The association of benign lymphoepithelial lesions with Sjögren
syndrome is well recognized; however, such lesions can also develop in patients
without clinical features of this syndrome.1 The
lymphoid infiltrate or the epithelial component of the lymphoepithelilal lesions
can undergo malignant transformation, resulting in B-cell lymphomas or lymphoepithelial
carcinoma. The development of such carcinomas in the salivary glands and other
sites has been amply documented.2-5 Recently,
Bloching et al6 briefly described a lacrimal
gland tumor, which they called "lymhoepithelioma-like carcinoma." The tumor
they described could be the first reported case of lymphoepithelial carcinoma.
In the present article, we describe in detail the clinical and histopathologic
features of a primary lacrimal gland lymphoepithelial carcinoma with immunohistochemical
and molecular analysis.
A 63-year-old white woman visited an ophthalmologist with a history
of dry eyes, "fullness" around the superotemporal aspect of the left eye,
proptosis, and binocular horizontal diplopia on left gaze, during the past
several months.
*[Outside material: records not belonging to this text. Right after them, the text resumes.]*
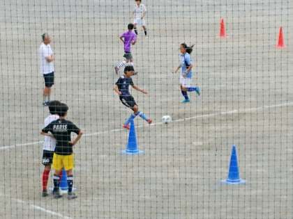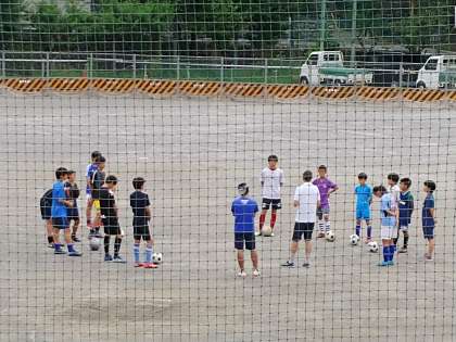 午前中、校庭ではサッカー部が練習をしています。
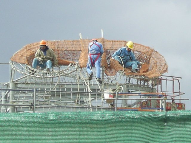 Wenn das Gebilde die Nase wird, dann müssten die das Gerüst aber noch mächtig aufstocken. Überlegt mal wie hoch der restliche Kopf noch gehen müsste...
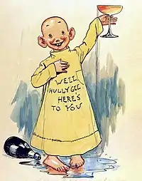 Як і газетні малюнки, так і комікси у той час були чорно-білими, але вбрання головного героя було розмальоване у жовтий колір. Персонаж розважав читачів своїм смішним виглядом, ексцентричними вчинками і комічними міркуваннями на різні теми.
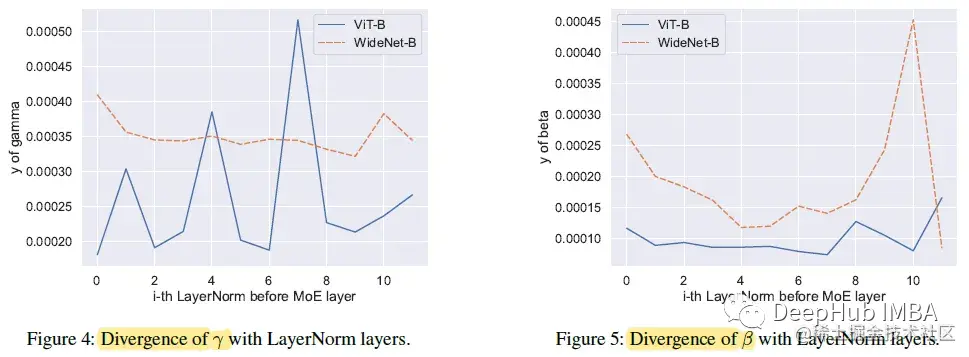 式中N为Transformer块的个数,M为向量γ或β的维数。所以WideNet中的γ和β都比ViT中的y大,这意味着MoE比ViT接受更多样化的输入。
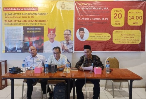 – Dewan Pimpinan Daerah (DPD) SatuPena Provinsi Sumatra Barat (Sumbar) menyelenggarakan kegiatan bedah buku berjudul Bung Hatta and Boven Digoel When a Papuan Cried to Me, (Bung Hatta dan Boven Digoel Ketika Seorang Papua Menangis Padaku) karya Ketua DPD SatuPena Provinsi Sumatra Barat Sastri Bakry, Kamis (20/6/2024) di salah satu café di jalan Samudera Padang.
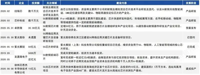 5G商用化的发展激发了对5G芯片核心部件的需求,在技术快速推进的同时,也获得了资本的高度重视。5G芯片代表性企业紫光展锐与2020年5月10日进行股权项目,增资50亿元,用于5G、物联网、人工智能等领域的核心芯片研发。而2020年初5G芯片其他企业获得融资的关注领域看,主要集中在5G射频芯片模组等领域。
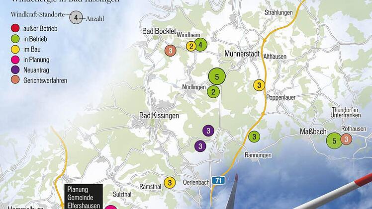 17 der 37 neuen Windräder sollen in Unterfranken entstehen: Alleine zehn im Landkreis Rhön-Grabfeld, sechs im Landkreis Bad Kissingen. Aktuell sind zwischen Gauaschach und Rothhausen 22 Windräder mit einer Nennleistung von insgesamt 50 300 Kilowatt in Betrieb, elf weitere mit einer Nennleistung von 31 800 Kilowatt werden gerade gebaut. "Was jetzt gebaut und genehmigt wird, das sind alles Altfälle", betont Fell.
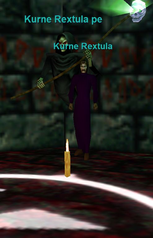 - Kurne Rextula says 'Incredible!! You have slain one of the greatest warriors in Qeynos!! He must have been full of grog. No doubt he drank most of his skill away. Now I shall cast a spell and strip the flesh from his skull and.. Presto!! Take this skull to Lord Grimrot somewhere in the Plains of Karana. He will be in the center of a field of skeletons. If he is not there, wait for his return. He must return eventually.'
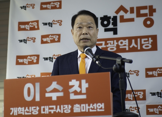 [ 더타임즈 마태식 기자 ] 개혁신당 이수찬 대구시장 예비후보가 11일 출마를 선언하며 “은퇴를 앞둔 정치인들의 놀이터가 된 대구정치를 끝내겠다”고 밝혔다. 그는 “지난 40년간 행정과 정치권력을 독점해온 이른바 엘리트들이 대구경제 침체의 책임을 지지 않은 채 다시 시민의 선택을 구하고 있다”며 “무능·무책임 정치에 대한 심판이 필요하다”고 주장했다.
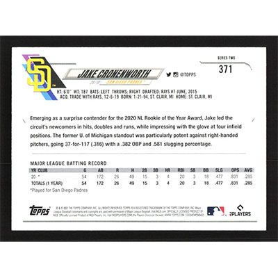This is a 2021 Topps Rainbow Foil Jake Cronenworth baseball card. The card is #371 and pictures show condition. Team(s): San Diego Padres Rookie Card (RC)
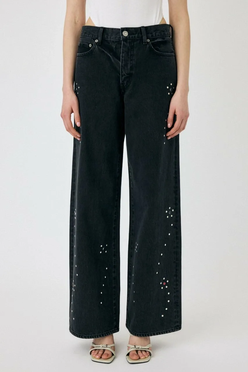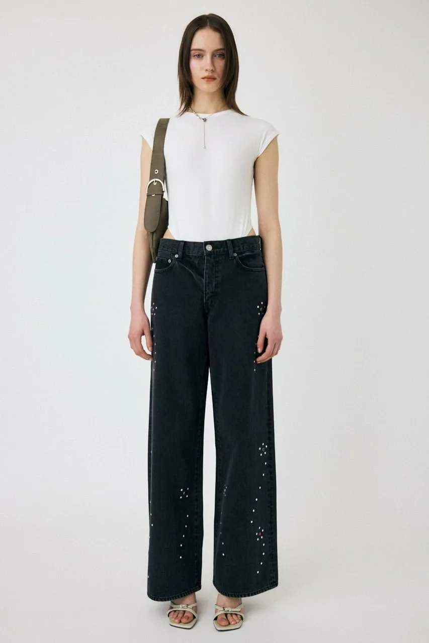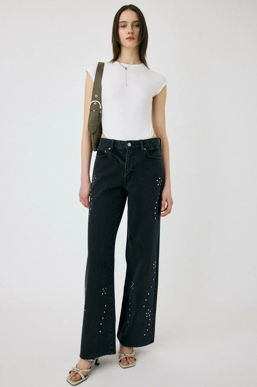 Джинсы, украшенные цветными заклепками и стразами, вдохновленными цветами.
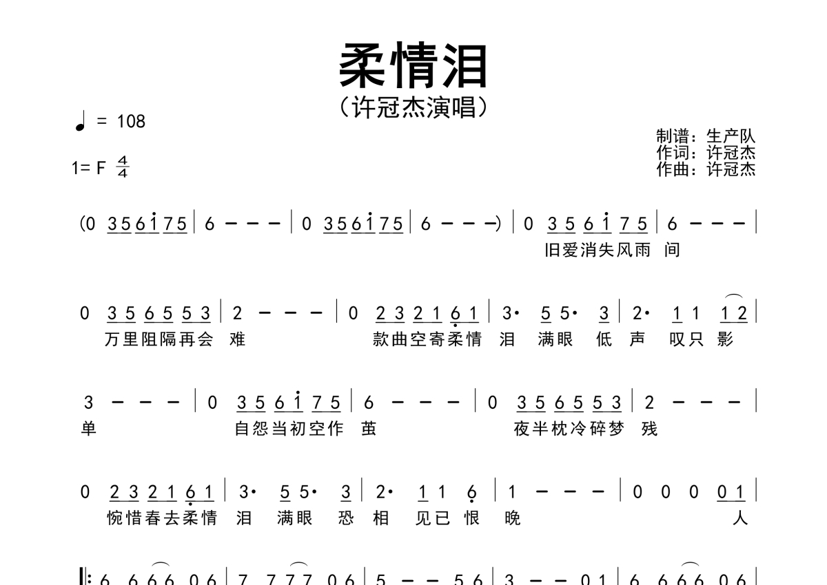 《柔情泪》是许冠杰演唱的一首歌曲,原版简谱,拍号为4/4拍,歌曲速度为每分钟108拍,这份简谱共有一张高清图谱,图谱由 @生产队 编配上传许冠杰演唱的歌曲《柔情泪》原版简谱。
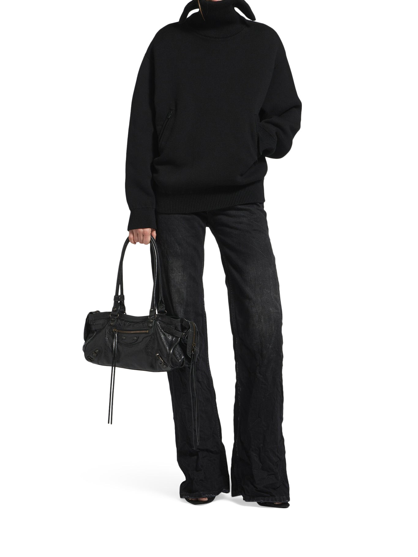 - Ribbed turtleneck - Back zip opening - Long sleeves - Elasticated ribbed cuffs - Two front zip pockets - Straight hem - Fitted front - Relaxed fit back - Black Made in Italy Composition: Cotton 100% Cotton Color code: 1000 BLACK 848840T3421
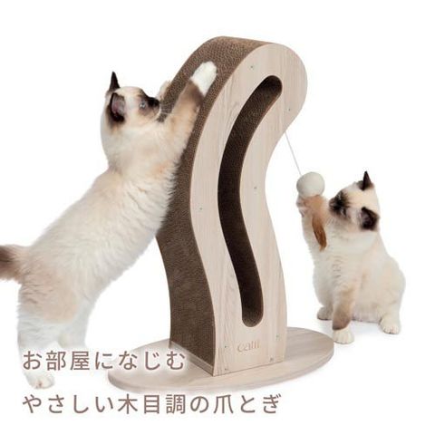 ●羽根つきのボールのおもちゃと安定感のある台座がついており、愛猫が爪とぎするのに最適で、家具を守ってくれます。

She gave no reports of pain, local tenderness, or headache.
Her medical history was significant for obesity and hypothyroidism; the latter
was being treated with levothyroxine sodium. On examination, visual acuity
was 20/25 OU. There was no afferent pupillary defect, and color vision was
normal. The left eye was proptotic, and Hertel exophthalmometry measurements
were 14 mm OD and 20 mm OS across a base of 100 mm. There was mild-to-moderate
resistance to retropulsion of the left globe. The patient was orthophoric
in all gaze positions except for left gaze, where she had a 15-diopter esotropia.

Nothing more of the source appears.